Items from a data source:
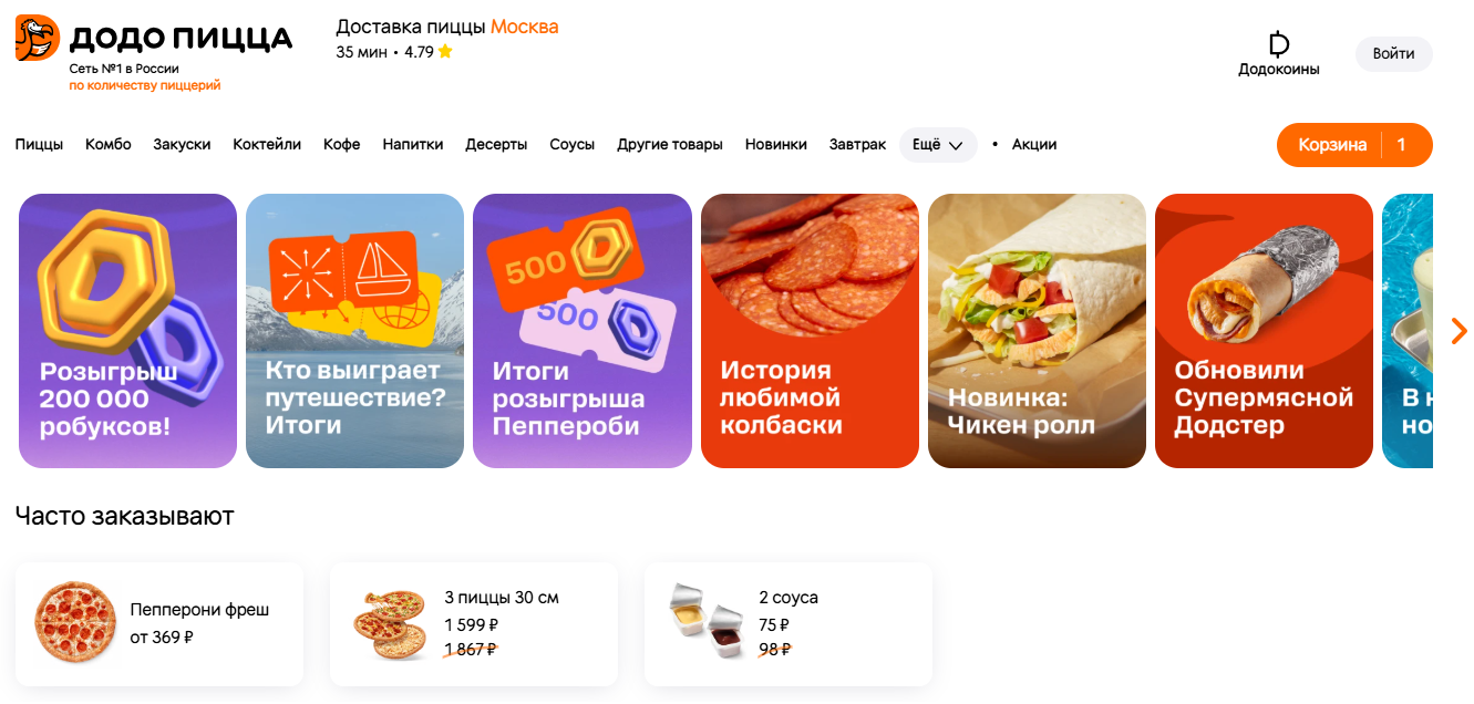 Додо Пицца — круглосуточная доставка во многих районах Москвы, быстрая обработка и собственная логистика.
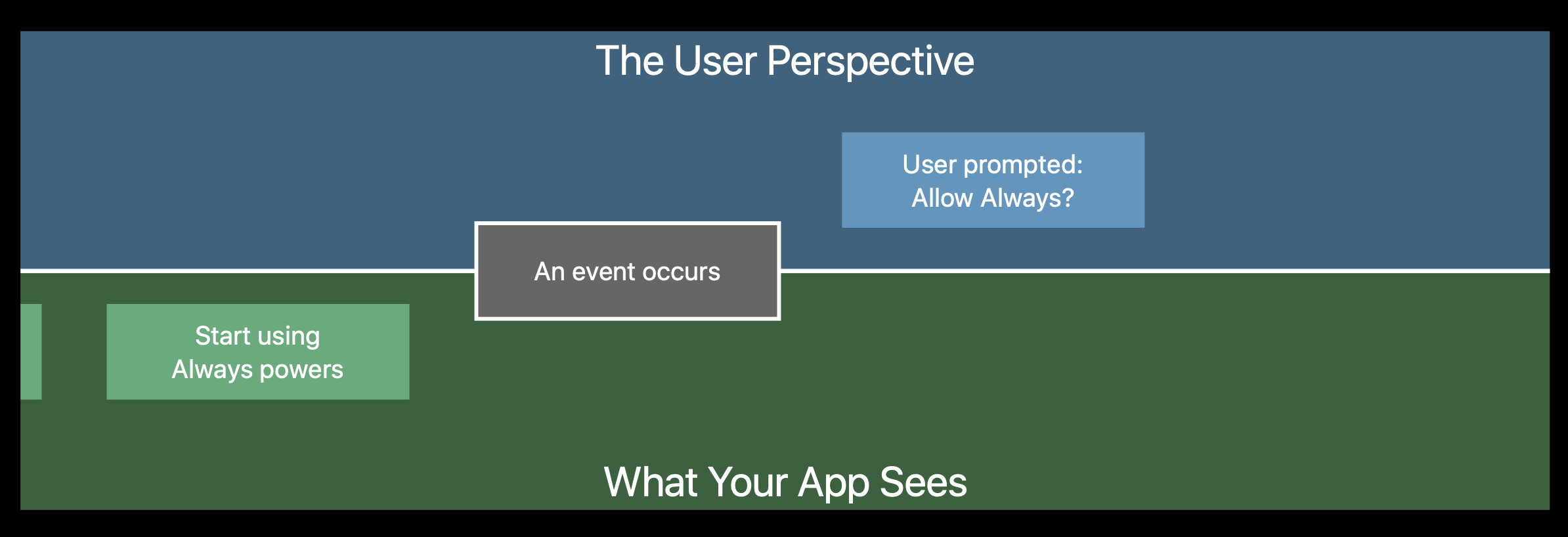 - 사용자가 앱이 실행중이라는 사실을 알지 못하는 경우에도 앱은 모든 위치 서비스를 사용하고 이벤트를 수신할 수 있음
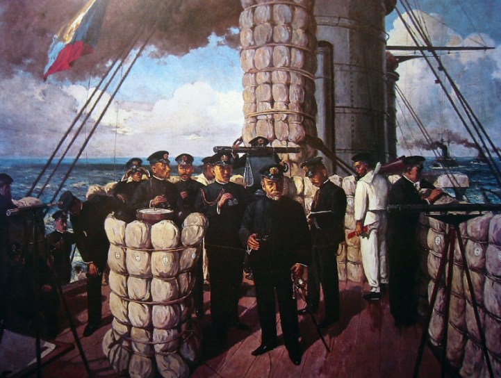 Στις πρώτες φάσεις της μάχης οι Ιάπωνες επικεντρώνουν τα πυρά τους στη Ρωσική ναυαρχίδα Suvorov και το θωρηκτό Oslyabya χτυπώντας με εκρηκτικά βλήματα. Καθώς το Suvorov αδυνατεί να αντιδράσει οι Ιάπωνες βυθίζουν το Oslyabya.
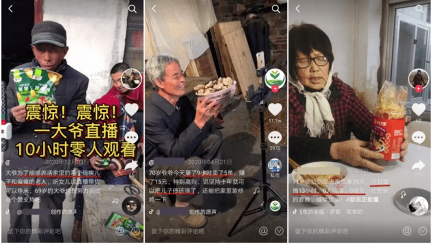 巨大的变现诱因下,苦情人设逐渐从一个人蔓延到整个团队策划,就像是专业剧组,有些团队专门到山村里寻找合适的“演员”。此前,央视就曾曝光直播卖惨带货,为了达到逼真效果,烟熏、眼药水甚至直接下手打孩子的催泪方式比比皆是。一些山村里的残疾老人是团队心目中的“最佳主角”,往往老人往镜头前一坐就能调动直播间的泪点。
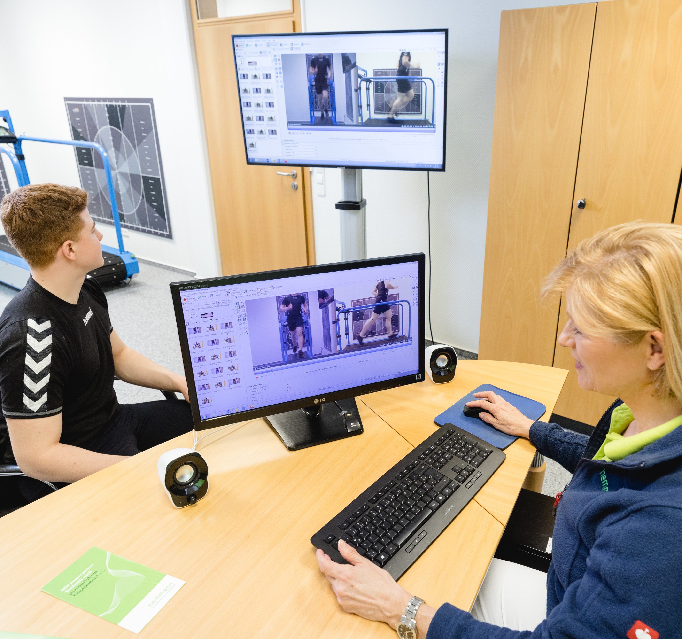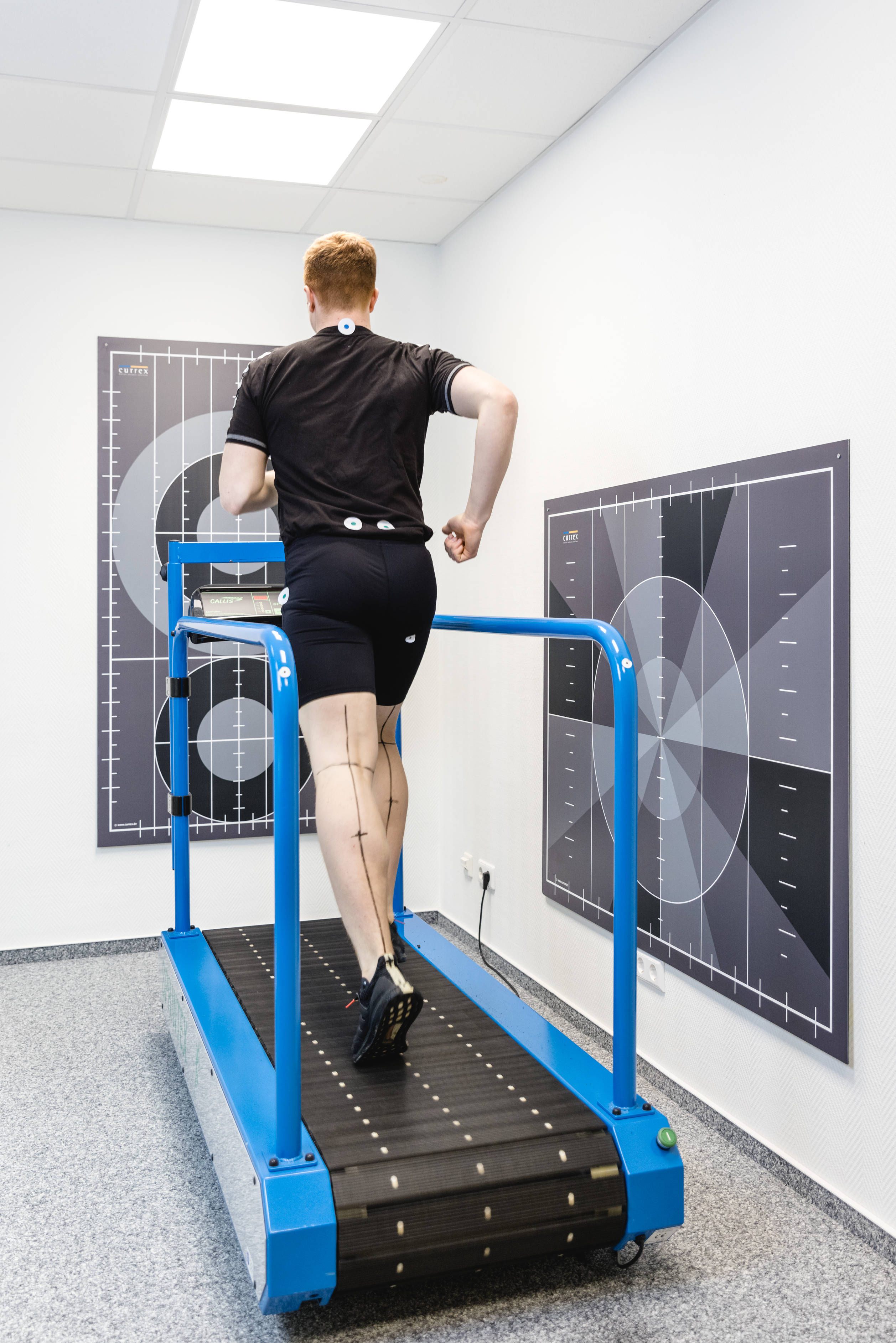 In unserem Studio für Bewegungsanalysen beobachten wir das Zusammenwirken des gesamten Bewegungsapparats. Denn jeder Schritt des Fußes beeinflusst über das Sprunggelenk nicht nur das Knie bis zu Becken, Hüfte und Lendenwirbel, sondern strahlt bis in die Schultern und die Halswirbelsäule aus. Wir markieren Ihre Beine und filmen Sie auf dem Laufband aus unterschiedlichen Perspektiven.

■ EXERCISE DETAILS
Copy the lines from the line that contains "Στις πρώτες φάσεις" through the end of the records, exactly and with nothing added; leave the pictures out.

■ EXERCISE SOLUTION
 Στις πρώτες φάσεις της μάχης οι Ιάπωνες επικεντρώνουν τα πυρά τους στη Ρωσική ναυαρχίδα Suvorov και το θωρηκτό Oslyabya χτυπώντας με εκρηκτικά βλήματα. Καθώς το Suvorov αδυνατεί να αντιδράσει οι Ιάπωνες βυθίζουν το Oslyabya.
 巨大的变现诱因下,苦情人设逐渐从一个人蔓延到整个团队策划,就像是专业剧组,有些团队专门到山村里寻找合适的“演员”。此前,央视就曾曝光直播卖惨带货,为了达到逼真效果,烟熏、眼药水甚至直接下手打孩子的催泪方式比比皆是。一些山村里的残疾老人是团队心目中的“最佳主角”,往往老人往镜头前一坐就能调动直播间的泪点。
 In unserem Studio für Bewegungsanalysen beobachten wir das Zusammenwirken des gesamten Bewegungsapparats. Denn jeder Schritt des Fußes beeinflusst über das Sprunggelenk nicht nur das Knie bis zu Becken, Hüfte und Lendenwirbel, sondern strahlt bis in die Schultern und die Halswirbelsäule aus. Wir markieren Ihre Beine und filmen Sie auf dem Laufband aus unterschiedlichen Perspektiven.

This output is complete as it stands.